Generally there's a feeling that everything is inflamed and sort of throbbing and tingly but numb all at once, including my thoughts. Super sensitive but dulled down and slow at the same time. Joints ache, lactic acid burn in the muscles. There's this feeling that gravity is pulling me down when I try to take my body's weight. My brain feels too heavy for me to hold up my skull and I can't sustain sitting without everything sagging towards horizontal. There's no stamina anywhere except that incessant buzzing toy deep in the centre of my brain that never stops.
Sleep is a series of lurchings on the surface of wakefulness. It takes ages to wake up even though it doesn't feel like you've been asleep. In fact it takes most of the day for my brain to feel awake.
Everything seems too bright, too noisy, too fast, and I'm like a zombie, the walking dead, with flaccid limbs and a flat dead-eyed saggy-faced slack-mouthed expression. I have to remind myself to change my expression when I talk to my kids so they know I'm not sad or angry (which is apparently how my face looks when I'm like this). On really bad days when I can't seem to move my face into an expression, I just tell them I'm smiling on the inside.
 

Beckyterr

Member
It's likely that many of the symptoms people experience don't really make it into surveys. A descriptive and a poetical element is missing. The richness of the symptom presentation in these diseases is not protrayed. That's a shame - these are very symptom-rich illnesses...
[fright]View attachment 581[/fright]
This thread is the opportunity to rectify that by getting creating and providing your own unique description of the symptoms you experience.
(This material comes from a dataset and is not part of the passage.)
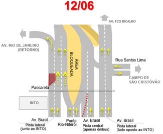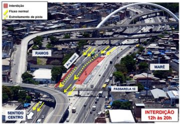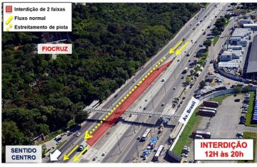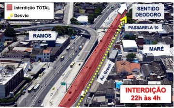 • 12/06, das 22h às 4h: interdição TOTAL da pista central, Sentido Deodoro.

One of my favorite symptom descriptions is "cement legs", another similar one is "molasses legs", and the symptom I experience most that doesn't mentioned much is "burning feeling muscles and skin - particularly after exercise".
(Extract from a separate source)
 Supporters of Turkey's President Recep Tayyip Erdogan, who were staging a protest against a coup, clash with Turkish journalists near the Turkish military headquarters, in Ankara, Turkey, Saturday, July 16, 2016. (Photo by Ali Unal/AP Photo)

I will put the different symptom descriptions into a Resource page as we go along. At the end we'll have a thorough and hopefully enlightening description of what people with ME/CFS and FM really experience.
 

Beckyterr

Member
My memory is shot! I used to be the Office Manager, Transportation Manager and the Sales Servce Manager at a small multi-million dollar company. I left my career two years ago, after working there 21 years. I couldn't keep track of anything, I made a lot of mistakes and I was so exhausted. My main physical complaint are my legs, ankles, and feet. I tell the doctor that it feels like I am walking on bone.